Other software requirements unique to SaaS are the on-boarding process for new tenants and the billing for tenant if an organization desires. While there are third party packages to assist in these requirements, they need to be included in the software architecture.
The SaaS software must be able to work with IaaS/PaaS capabilities for load balancing and automatic provisioning of additional resources based on demand. The SaaS company will be able to get significant help from the IaaS vendor, the PaaS provider (if there is one), and third party tools, but these capabilities need to be integrated with the SaaS software being developed. The SaaS vendor’s responsibility is to ensure their SaaS product fully implements required SaaS operational capabilities with the help of their partners.
SaaS products iterate rapidly, frequently releasing significant new functionality keeping the SaaS product “fresher”. This requires a development organization with the methodologies to do frequent, high quality releases. This moves development organizations towards Agile development methodologies and away from ad-hoc or older “waterfall” development methodologies.
“Continuous Integration” (CI) methodologies are well suited for SaaS environments making frequent customer releases by ensuring the software is never far from a releasable state. There isn’t the time to “test-in” the quality over a more typical one to three year major software release cycle for on-premise software contrasted with the 3 month typical feature release cycles of SaaS companies.
Organizations must ensure they are investing in building the SaaS skill set of their development team, and bring in resources as required to ensure the SaaS skill sets are present. Just as not every organization and programmer successfully moved from mainframes to minis, or minis to network computing, not everyone will be able to move using software development tools and practices required to successfully implement a SaaS strategy. It is most important that development leadership is committed to the SaaS enabling technology and provides the direction for its successful adoption.
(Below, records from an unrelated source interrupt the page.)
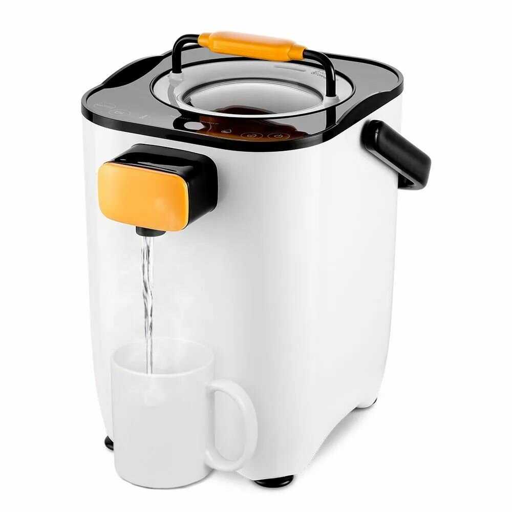Габариты и размещение на кухне. Абсолютное большинство пользователей отмечают компактные размеры термопота как ключевое преимущество. Аппарат описывается как незначительно превосходящий по размеру стандартный электрочайник, что делает его идеальным решением для небольших кухонь с ограниченным рабочим пространством. При этом, несмотря на малые внешние габариты, внутренний объем в 2 литра оценивается как достаточный для одного-двух человек или небольшой семьи; пользователи подчеркивают, что такой объем предотвращает застаивание воды, так как она расходуется быстрее. Наличие ручки для переноски добавляет удобства, позволяя легко перемещать устройство. Некоторые пользователи, однако, выражают пожелание о наличии моделей с большим литражом или в разных цветовых решениях для лучшего соответствия интерьеру.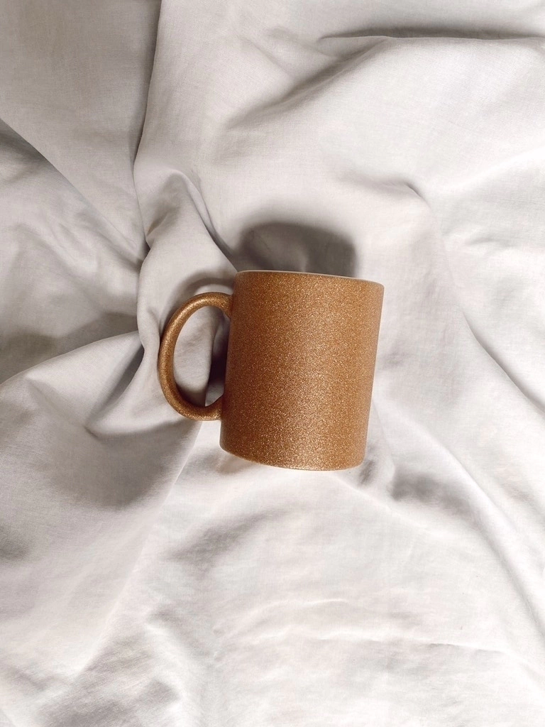 caneca na cor caramelo com textura de glitter. capacidade de 325ml.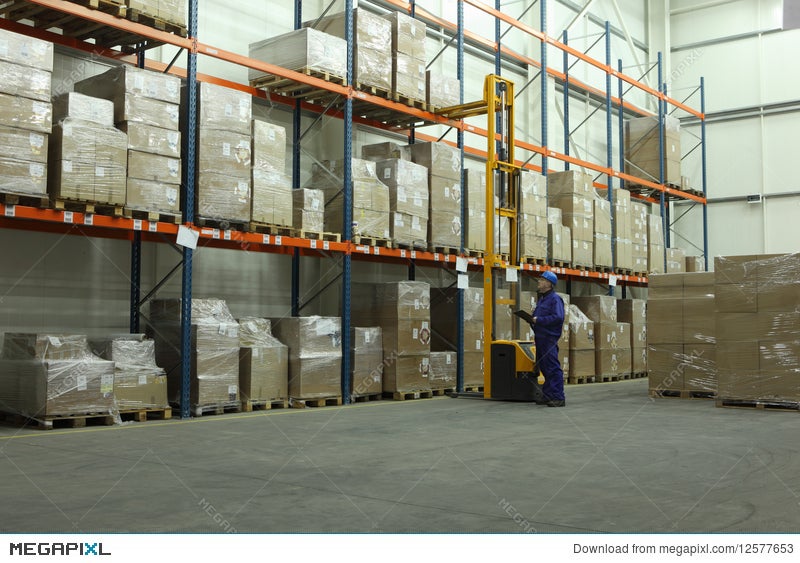 Worker Counting Stocks In Warehouse Stock Photo Megapixl
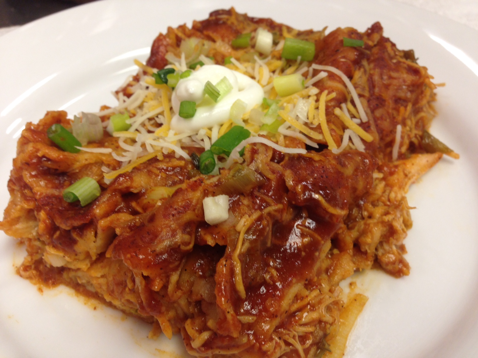 Pour enchilada sauce over the top down the middle and garnish with any left over cheese and top with more green onions. Cover with foil and bake for 20 minutes, remove foil and bake another 10 minutes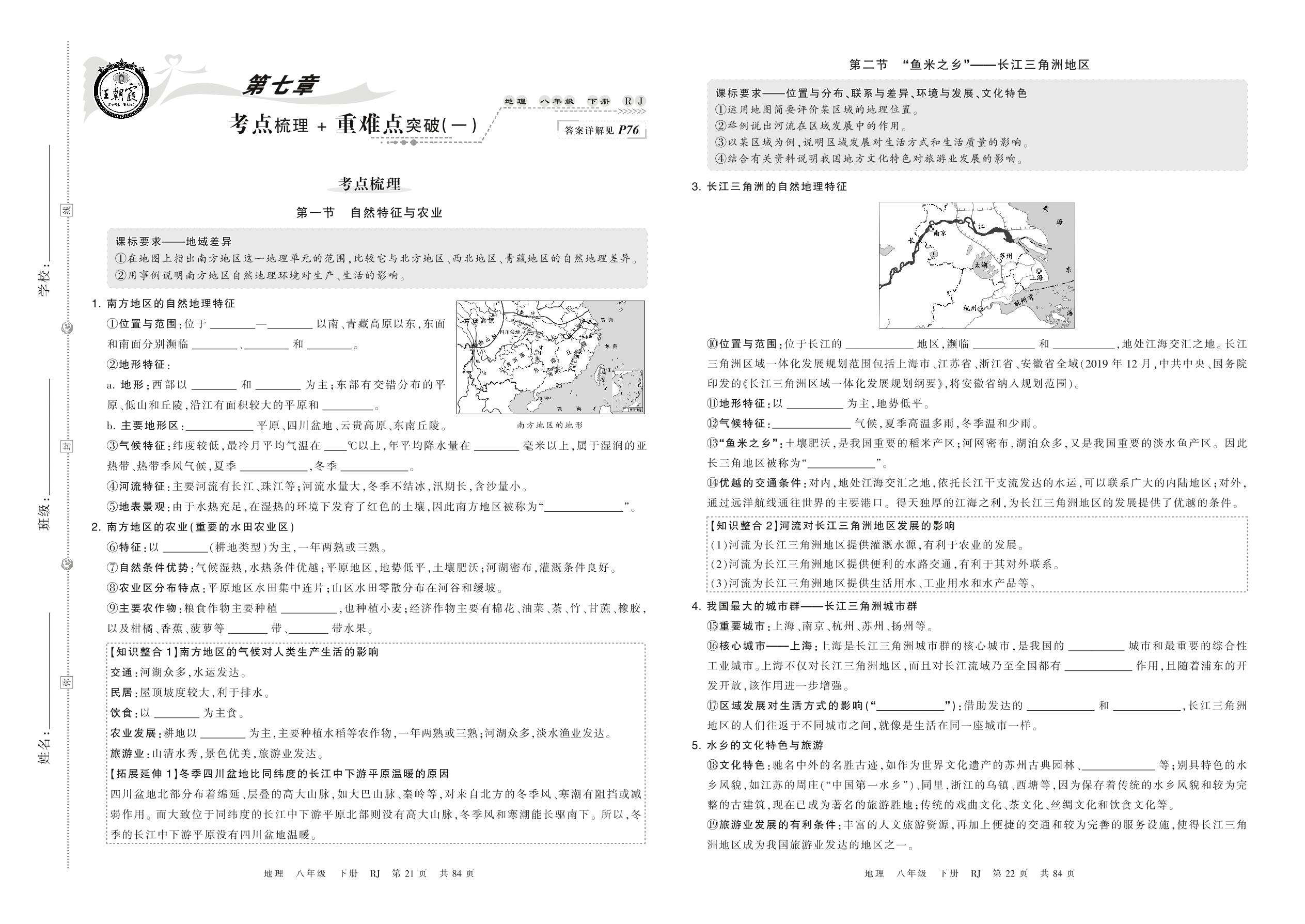 2022下册八年级地理人教版 第七章 考点梳理+重难点突破(一)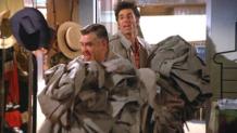 Jerry and his girlfriend get some time alone with each other at a movie, Schindler's List, they don't see it; however, Newman sees it and them. A delay in the shipment of the raincoats will make the Seinfelds miss their flight to France, George uses this as an opportunity to get his "little" brother back to his father. The Seinfelds manage to avoid meeting the Costanzas in New York City.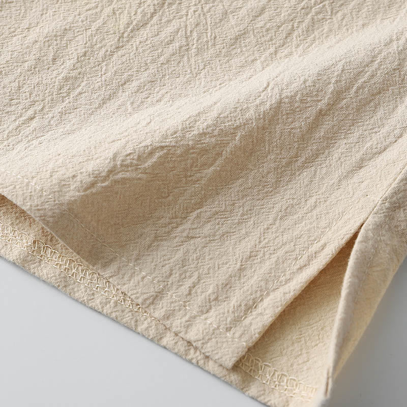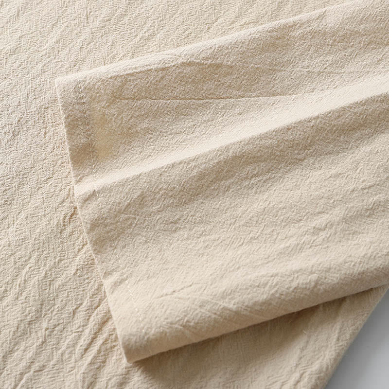 Buddha Stones Solid Color Long Sleeve Button Shirt Cotton Linen Men Clothing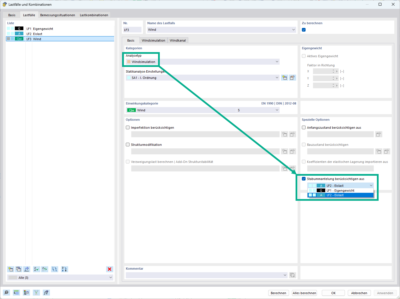Bei der Windsimulation lassen sich optional Stabummantelungen (z. B. aus Eislasten) berücksichtigen.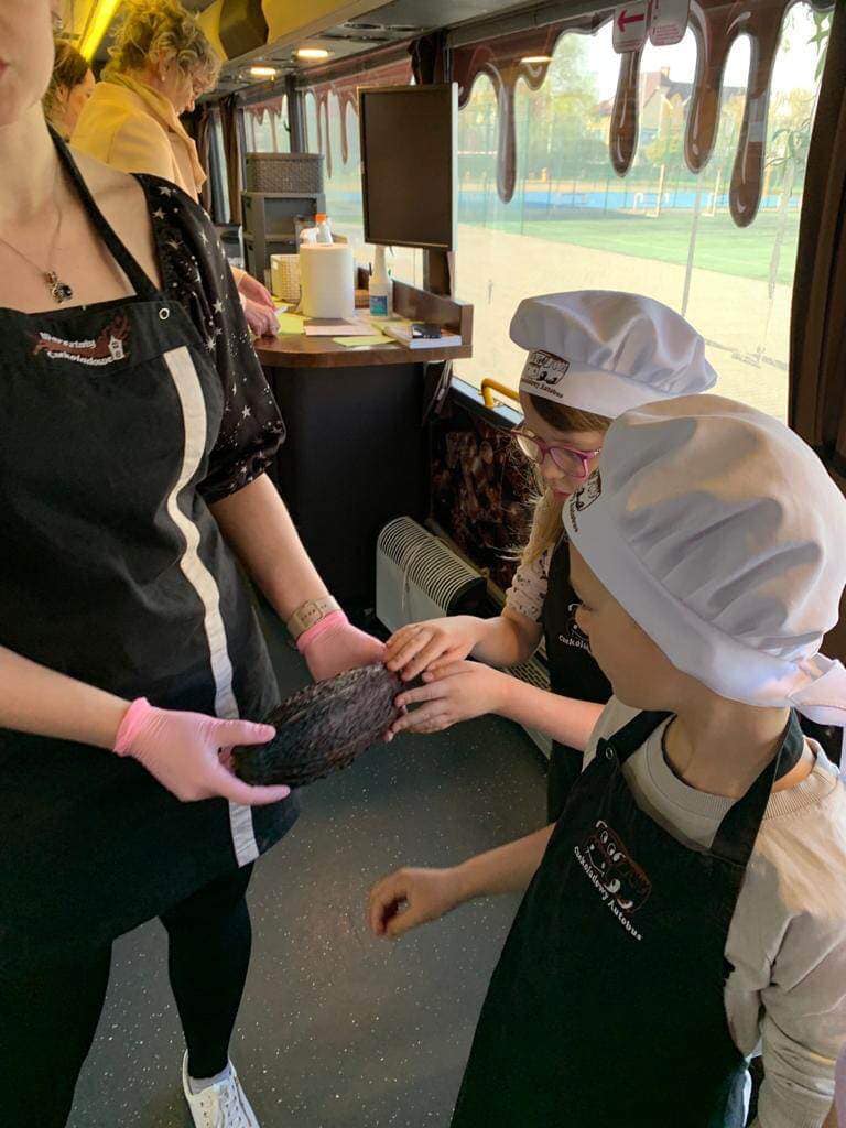 Czekoladowe warsztaty - edukacja poprzez zabawę! Podczas spotkania w Czekoladowym Autobusie dzieci poznały historię czekolady, techniki jej przygotowania oraz możliwości wykorzystania. Dowiedziały się również jak odróżnić czekoladę od produktów czekoladopodobnych oraz kiedy i w jakich ilościach można pozwolić sobie na słodycze.

SaaS products that are friendly and easy to use. They require the great User Experiences based on HTML5, published APIs, frequent software feature upgrades, support for third party software integrations, support for analytics, and support for mobile applications. There are many benefits to moving to SaaS Cloudware, it is crucial that the development organization has a plan to ensure their SaaS product is “world-class” – innovative, robust, extensible, scalable and integrate able with a modern user experience that delights.
SaaS application developers should use these development best practices. They also need to meet the characteristics that make them suitable for deployment in the enterprise including, Security, Privacy, Data Governance, Interoperability, Performance, Availability and Regulatory Compliance as described in the Cloud Strategies post, Requirements for Building Enterprise SaaS Applications.